For defined contribution plan executives who believe arbitration clauses can reduce or eliminate the risk and expense of ERISA lawsuits, beware of the fine print.
The fine print shows up in different opinions by federal judges in different jurisdictions, leading to a lack of consistent case law regarding how sponsors can use their plans' arbitration clauses to defend against fiduciary breach lawsuits.
The fine print shows up in the arbitration agreements that, if not carefully devised, can lead to unintended consequences, unanticipated expenses and unpleasant rulings against the sponsors. And just because sponsors add arbitration clauses to their plan documents, that doesn't mean they are inoculated from lawsuits.
Sponsors "are not getting a uniform or unified answer" from federal courts, said Joseph J. Torres, a Chicago-based partner at Jenner & Block.
As a result of court rulings and the challenges of creating arbitration clauses that don't run afoul of ERISA or states' laws or legal precedent, the theoretical allure of arbitration to avoid an expensive ERISA court battle may be tempered by unclear reality. Mr. Torres said his clients are cautious not only because of conflicting legal rulings but also because their cost-benefit analyses indicate arbitration might not be worth the time and expense.
"There is a lot of uncertainty," he said.
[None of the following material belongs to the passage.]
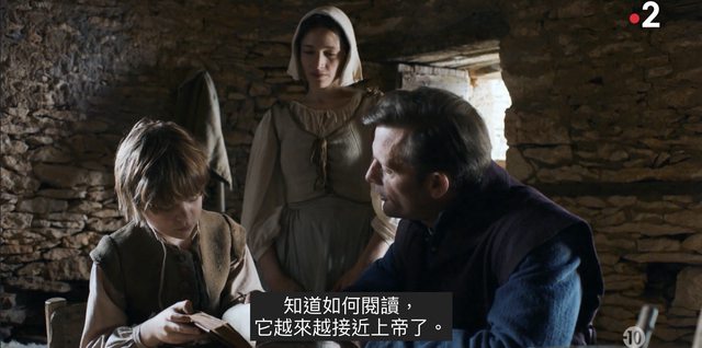 本劇劇情演技對我來說都是其次,最重要的還是取景攝影音畫合一打造「法國田園詩」,光看農人耕田農婦洗衣與貴族策馬,都令人忍不住想買張機票飛去法國徜徉詩畫間!其中最膾炙人口蕩氣回腸的「配樂」由《燃燒女子的畫像》Arthur Simonini 一手譜寫,各種法國風情的古典浪漫印象樂派都給他搭配場景信手拈來,只是寫到文藝復興宗教聖歌時 (!)已無可避免「山雨欲來」:儘管主角 Siorac 信仰新教都低調隱晦、平日走動小鎮對宗教言論摩擦衝突都不吭一聲,但這時代「思想檢查」風聲鶴唳仍對他步步進逼、他既須避重就輕又需小心不違教義也真是種存活藝術呀。
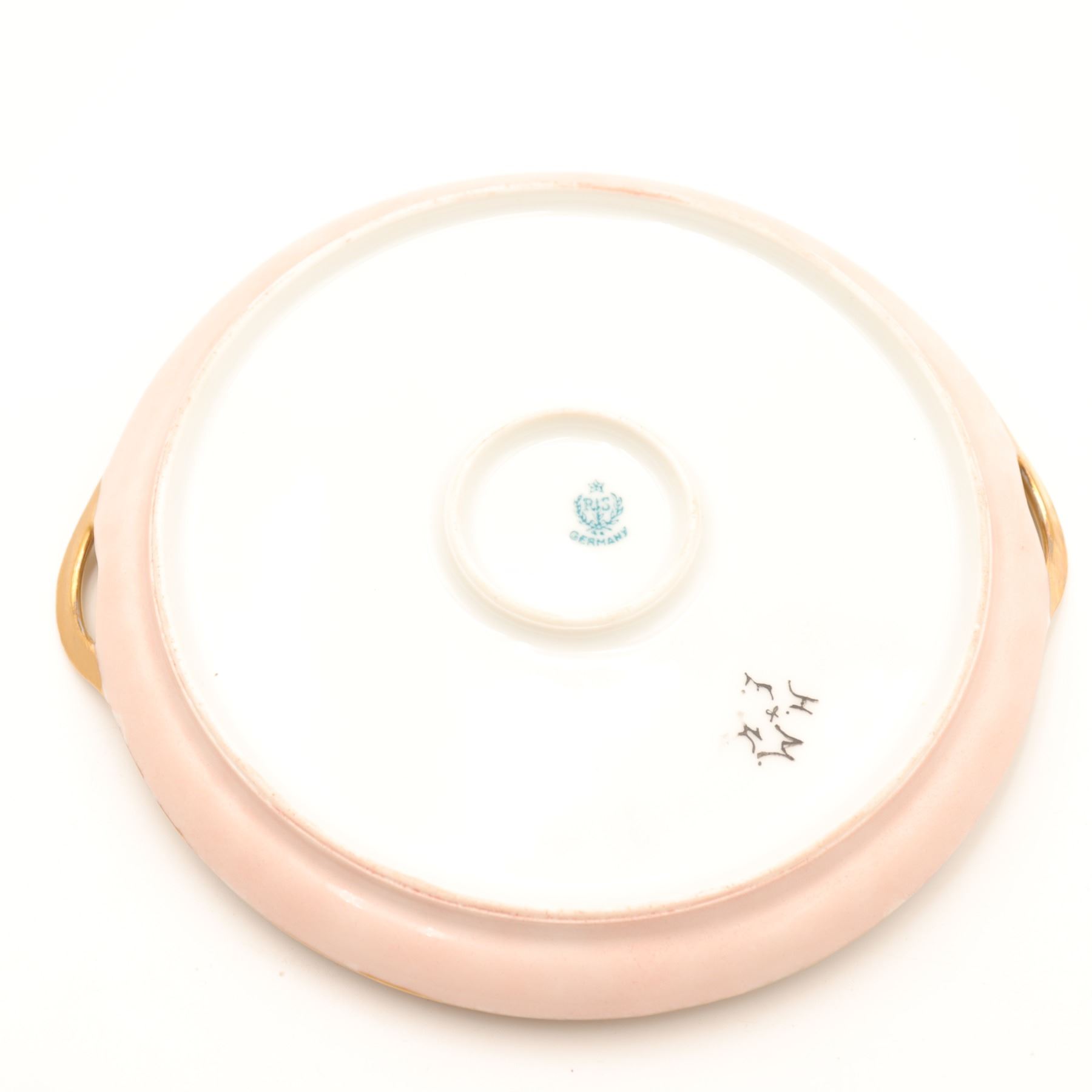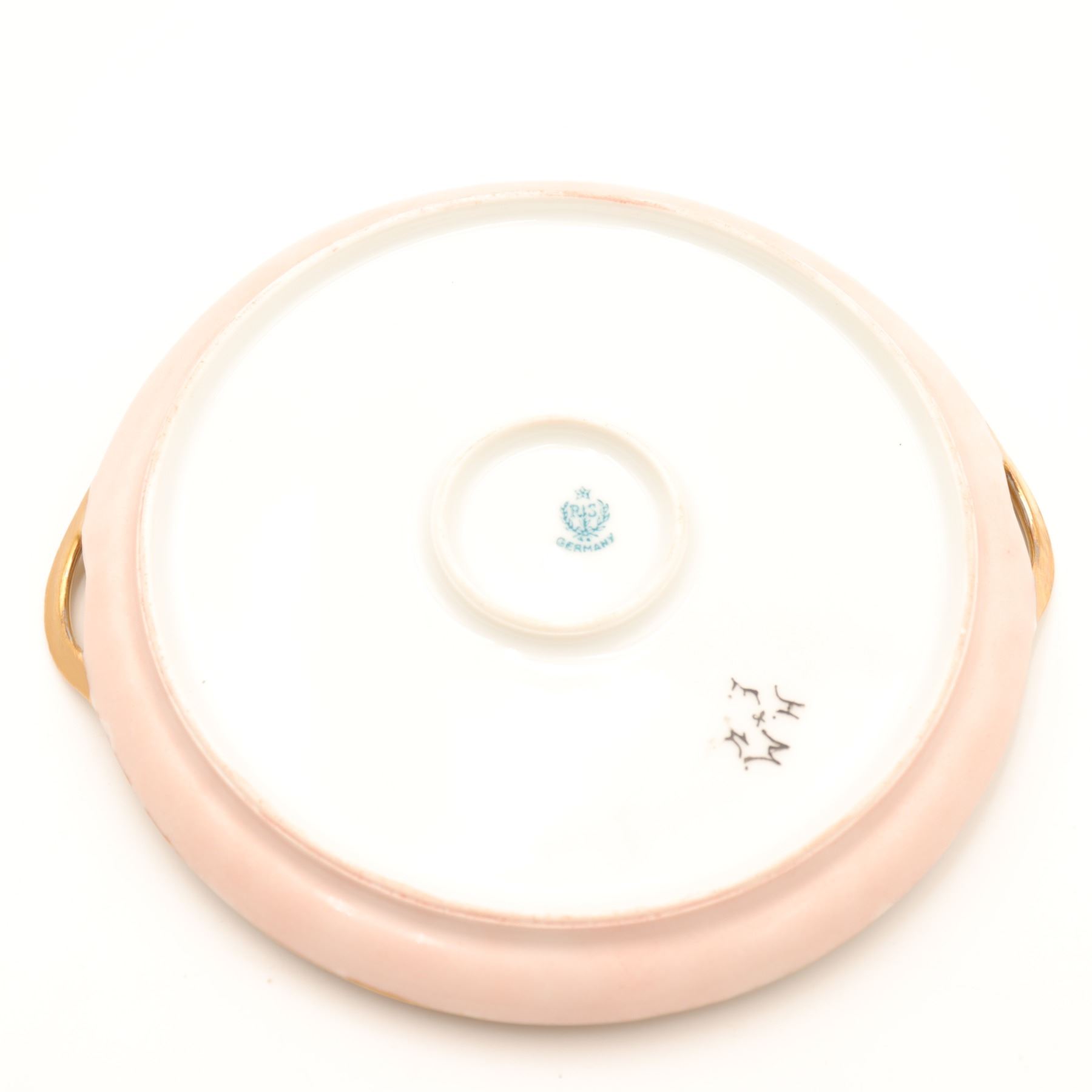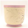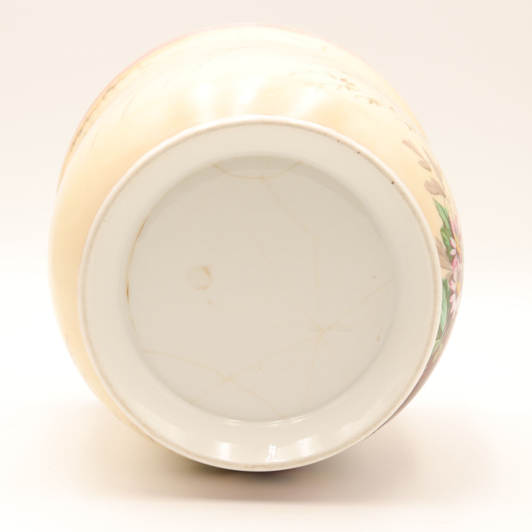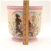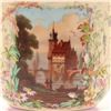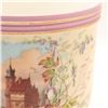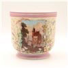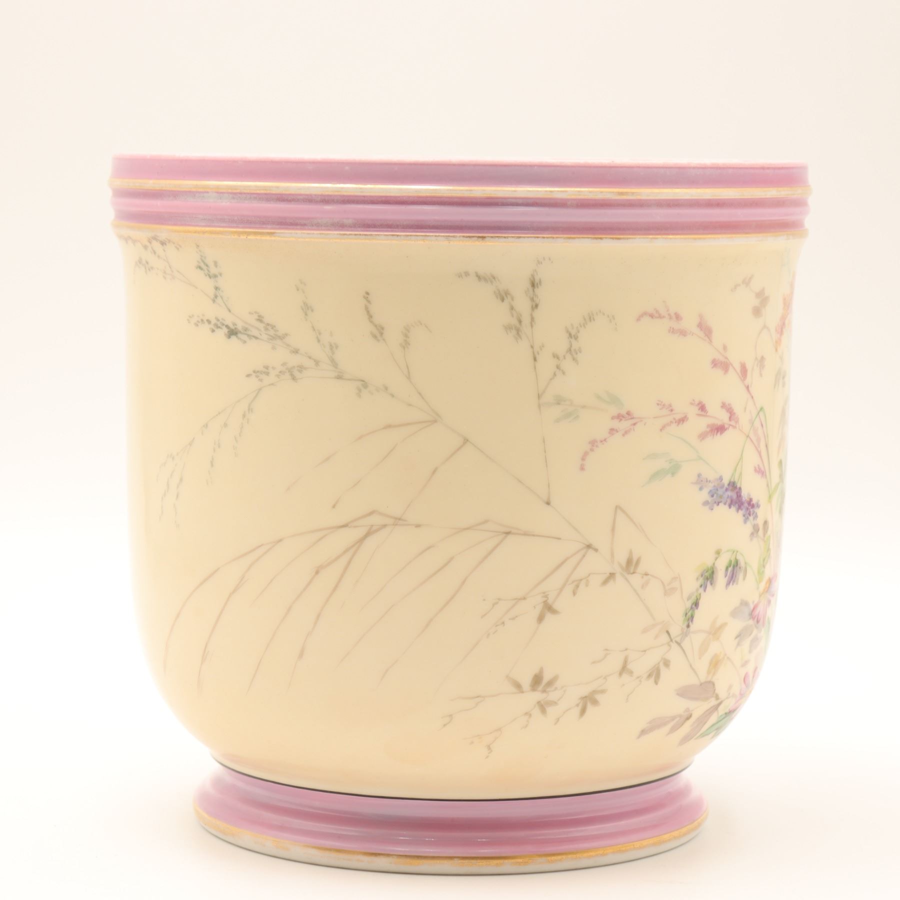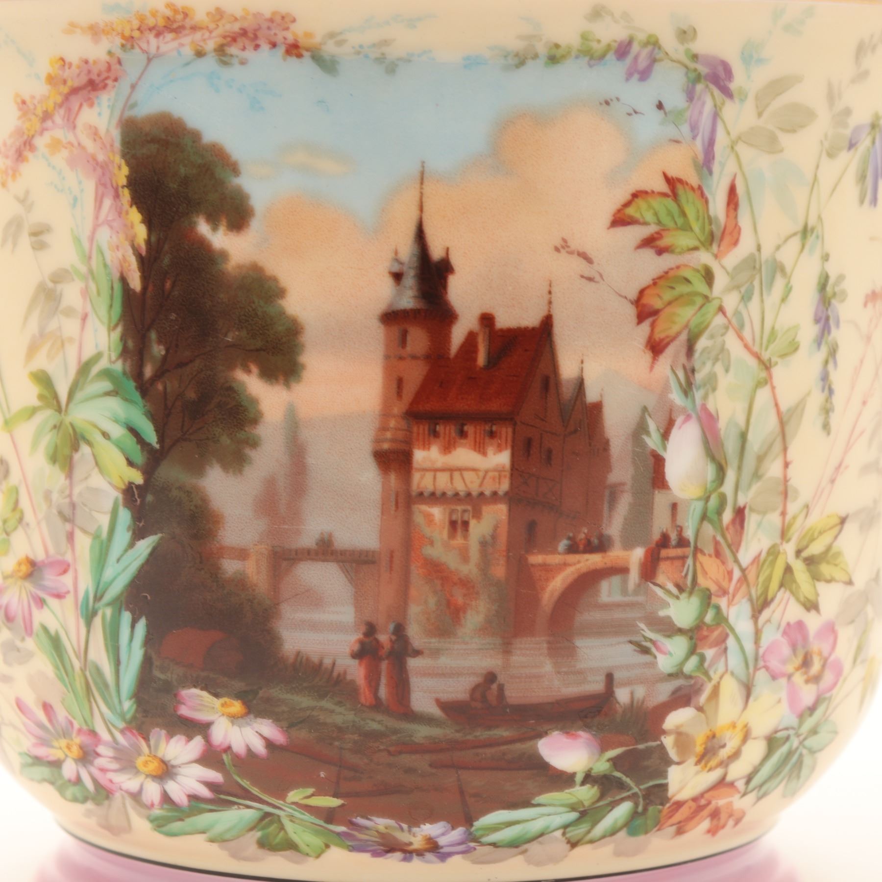 Continental porcelain cachepot or flower pot, probably French or German, late 19th century, of cylindrical form with cream ground and pink and gilt banding, finely enamelled with a romantic riverside castle scene framed by profuse painted flowers, reverse with loose botanical sprays. Interior and base with light wear to gilding and surface rubbing, no major chips or cracks noted.

Although some clients have asked about arbitration clauses, Mr. Torres said he hasn't talked to a sponsor actively considering adding one in the last six to eight months. That client decided to wait, Mr. Torres said, adding that, anecdotally, he believes arbitration clauses in DC plans are uncommon.
"In my experience, most DC plans do not have arbitration clauses — but a growing minority do," said Carol I. Buckmann, founding partner of the New York law firm Cohen & Buckmann PC.